* **EXERCISE DESCRIPTION**
Please print nothing but the lines from the one containing "見圳客戶端·深圳新聞網(wǎ" to the final line below, exactly, and no pictures.

* **DATASET RECORDS**
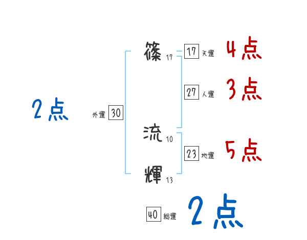 篠流輝さんの画数の鑑定結果
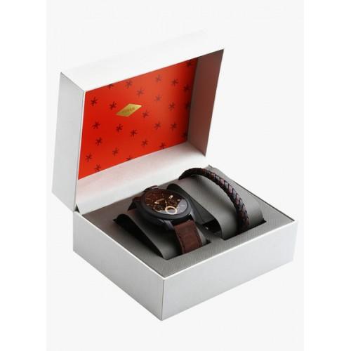 [Powermatic] Fossil Men's FS5251SET Machine Chronograph Dark Brown Leather Watch & Bracelet Box Set (Black & Brown)|,|
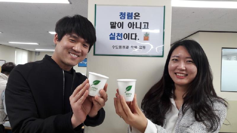 흰색 도자기 재질로 만든‘청렴컵’은 녹색 나뭇잎 문양과 ‘청렴약속’이라는 문구가 새겨져 있다. 직원들이 일상 속 청렴 의지를 재확인할 수 있고 종이컵 사용도 줄여서 환경보호와 예산절약의 효과를 거두기 위한 것이다.
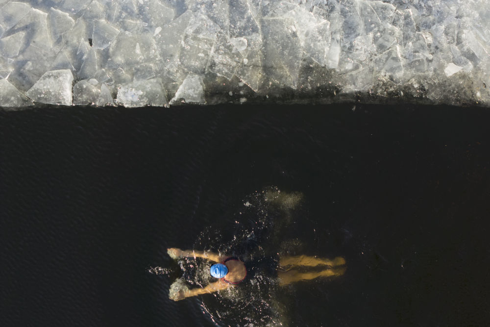 ↑2025年12月12日,冬泳爱好者在哈尔滨中东铁路公园冬泳场游泳(无人机照片)。
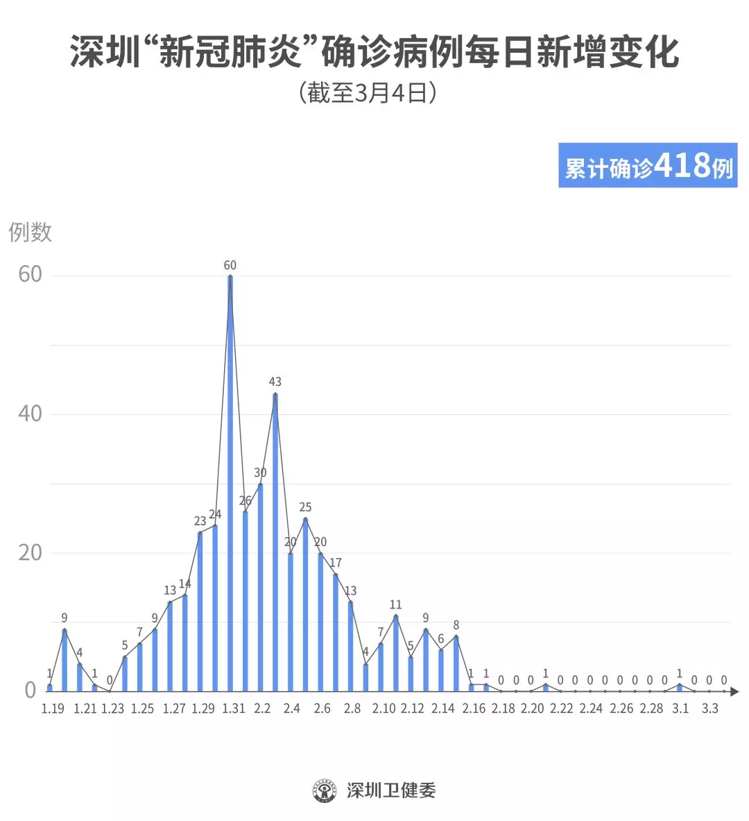 見圳客戶端·深圳新聞網(wǎng)2020年3月5日訊 截至3月4日24時(shí),深圳累計(jì)報(bào)告“新冠肺炎”確診病例418例。3月4日當(dāng)天全市無新增確診病例,當(dāng)天出院病例9例(從2月26日起不再公布出院個(gè)案)。
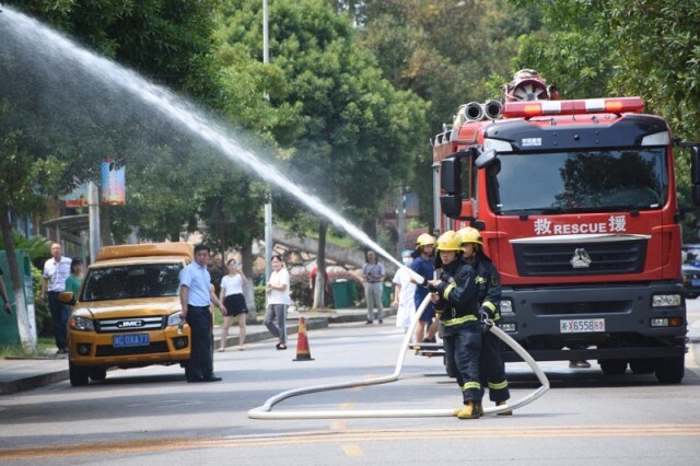 演练模拟该校食堂燃气管道被撞坏,导致燃气大量泄漏并引发大火。学校发现情况后紧急拨打湘潭新奥燃气有限公司、湘潭市消防救援支队、湘潭市妇幼保健医院联系电话,要求相关部门立即赶到现场进行救援,并由保卫处、后勤基建处、校医组成初期应急队伍奔赴现场,拉起警戒线,组织人员疏散,并关闭现场电源。

* **YOUR SOLUTION**
 見圳客戶端·深圳新聞網(wǎng)2020年3月5日訊 截至3月4日24時(shí),深圳累計(jì)報(bào)告“新冠肺炎”確診病例418例。3月4日當(dāng)天全市無新增確診病例,當(dāng)天出院病例9例(從2月26日起不再公布出院個(gè)案)。
 演练模拟该校食堂燃气管道被撞坏,导致燃气大量泄漏并引发大火。学校发现情况后紧急拨打湘潭新奥燃气有限公司、湘潭市消防救援支队、湘潭市妇幼保健医院联系电话,要求相关部门立即赶到现场进行救援,并由保卫处、后勤基建处、校医组成初期应急队伍奔赴现场,拉起警戒线,组织人员疏散,并关闭现场电源。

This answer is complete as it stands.